Histograms are updated using the function update_hist_array(), provided by reporting.c. Typically we want to glean stats from the histograms, and these are also provided by reporting.c: X_hist_array(), where X is min|max|mean|median|var|std. Of course, stats can be generated any which way, but they are reported using a function from reporting.c. Namely make_key_value_node(). Return the output of this function in get_topo_key_value_yourtopo().

Adding a new traffic pattern

Traffic patterns are declared/defined in traffic.h/traffic.c with an "init" function and a "next" function. The init function interprets parameters, precomputes values like the total number of flows that will be generated, and makes other preparations such as memory allocation. Each flow is generated based on the previous flow that was generated.

Note that INRFlow provides the freedom to generate flows any which way, such as pre-populating an array of flows with an arbitrary combinatorial generation algorithm. Assuming that some care is taken to avoid a time-consuming algorithm, the developer should note that the memory requirements for storing all flows might be the bottleneck. INRFlow does not currently do this in the static engine, where the number of flows might potentially be very large.
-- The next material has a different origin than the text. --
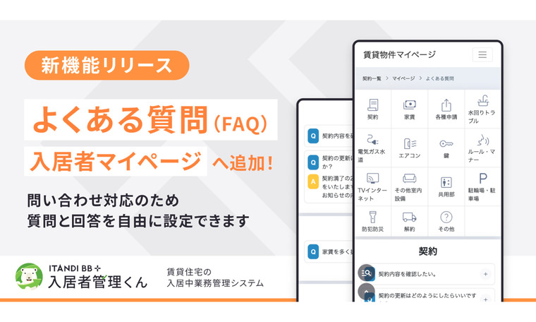 こうした課題を解決するため、この度「入居者管理くん」に「よくある質問(FAQ)機能」を追加しました。管理会社は、会社ごとによくある質問とそれに対する回答を登録することができ、入居者はマイページ上で24時間いつでも簡単に情報を確認し、タイムリーに自己解決することが可能になります。質問と回答は、「契約」「水回りトラブル」などカテゴリごとに整理され、入居者はカテゴリを選択したり、キーワード検索機能を活用することで、スムーズに情報を探すことができます。

Traffic patterns must be added to get_conf.c in order that they, and their parameters, be understood by INRFlow. Add all possible spellings to literal_t tpatterns_l[]. Finally, the virtual functions init_pattern() and next_flow() must assigned to the corresponding functions in traffic.c; this is done in init_functions() of main.c.

Testing INRFlow

The scripts ./, ./, ./ will execute inrflow on the arguments generated by ./, and should be used in that order of preference.

Dynamic execution mode

Since v0.4.0 a dynamic execution mode has been added. The dynamic engine allows INRFlow to simulate real scenarios in which multiple applications share the network resources. It also simulates the scheduling process allowing the arrival of new applications when resources freed by other applications become available.
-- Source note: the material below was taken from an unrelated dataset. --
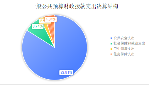 2023年度一般公共预算财政拨款支出2201.20万元,主要用于以下方面:公共安全支出1846.99万元,占83.91%;社会保障和就业支出192.34万元,占8.74%;卫生健康支出55.30万元,占2.51%;住房保障支出106.58万元,占4.84%。

- Dynamic engine: This mode considers the bandwidth of the links and the size of the flows 
                  exchanged by the applications. Using this mode, instead of the static, INRFlow
                  is able to estimate the time required to send and receive all the flows 
                  generated by multiple applications executed concurrently.

- Scheduling: It is the process that selects the order in which applications will be 
              executed following a scheduling policy. It is represented as a list of 
              applications described with multiple parameters.

## Example ##

inrflow mode=dynamic injmode=x capacity=c1_c2 scheduling=y workload=file_z

- injmode (Injection mode): Number of simultaneous flows that a task can inject into the network.
                            If we set this value to 0, all the flows available will be injected.
                            Otherwise, only the number of flows set by this value can be injected.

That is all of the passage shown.